Type accounting rigour #65

adrian-burlacu-software · 2021-07-16T07:49:02Z

When I compare two arrays:
1st arg = ['a', 'b', 'c']
and
2nd arg = ['a', 'b']

results in object:
{ '2': undefined }

I would expect -- given your immense abilities for designing software :P -- to get this:
[null/same?, null/same?, undefined]

if I have this problem:
1st argument: unchanged
2nd arg = ['a', 'c']

result would be:
[null/same?, 'c', undefined]

We don't need to prematurely quibble about perf do we lads?

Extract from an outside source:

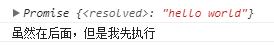 我们获取到了"hello world',同时timeout的执行也没有阻塞后面代码的执行,和我们刚才说的一致。

What about rhs and lhs have an array and an obj?
1st arg = ['a', 'b', 'c']
2nd arg = {'1': "a", 'b': "c"}

I would output this result annotated with metadata:
{
type: Object,
value: 2nd arg = {'1': "a", 'b': "c"}
}
I realize this might be a tad too intrusive, maybe think of some prototype property(maybe through a proxy?) that could annotate the object without the interference to the output value ;)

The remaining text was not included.